Obj = -1560.638313679461

This does not look very good.

We are working with very large data sets on similar (but more complicated) models (size indication: number of cells to estimate varies between 1e4 and 1e6). These models are currently using Mosek using their general convex NLP functionality. I am curious how this will work out with these new exponential cones. As a backup we always can resort to using NLP solvers like IPOPT and Knitro.

References

Mosek, Version 9 Roadmap, https://themosekblog.blogspot.de/2018/01/version-9-roadmap_31.html
http://www.cvxpy.org/en/latest/

RAS, Entropy and Exponential Cones

RAS Method

Entropy Method

Exponential Cone

Conic Modeling

References

Trending Articles

Bath man appears in court charged with attempted murder of a man...

MACLEAN, Allan

Black Angus Grilled Artichokes

Practice Sheet of Right form of verbs for HSC Students

Police blotter for Jan. 12

99 God Status for Whatsapp, Facebook

Rajasthan Board 12th Science Result 2018 name wise- RBSE 12th commerce result...

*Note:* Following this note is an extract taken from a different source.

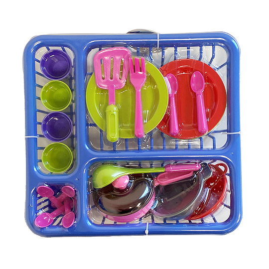 Plastová sada do kuchyňě obsauje odkapávač, hrníčky, talíře, příbory, kuchyňské náčiní.

Notorious Naushad of Ippa gang nabbed

Child Kidnapping: Amy McNeil was kidnapped on her way to school by 5 adults;...

Sonible Smartlimit v1.1.5-R2R

NCERT Solutions for Class 9th Sanskrit Chapter 3 पाथेयम्

मतलबी दोस्त स्टेट्स | Matlabi Dost Status in Hindi – Selfish Friends Status

Arrow Flash 2 – Sinhala Dubbed – Episode 23 – 20th March 2016

[GET] AI Traffic Goldmine

[E² Plugin] HDF-Radio

Universal Multi-Patch v1.3 By RADIXX11

IWAN – Thanks and Praise ( Throw Back Thursday )

RONALD P SONDERGAARD Arrested by Miami-Dade County Corrections on Mar 03, 2017

मुख मैथुन से उठाएं सेक्स का भरपूर मज़ा, जानें क्या है इसका सही तरीकामुख मैथुन...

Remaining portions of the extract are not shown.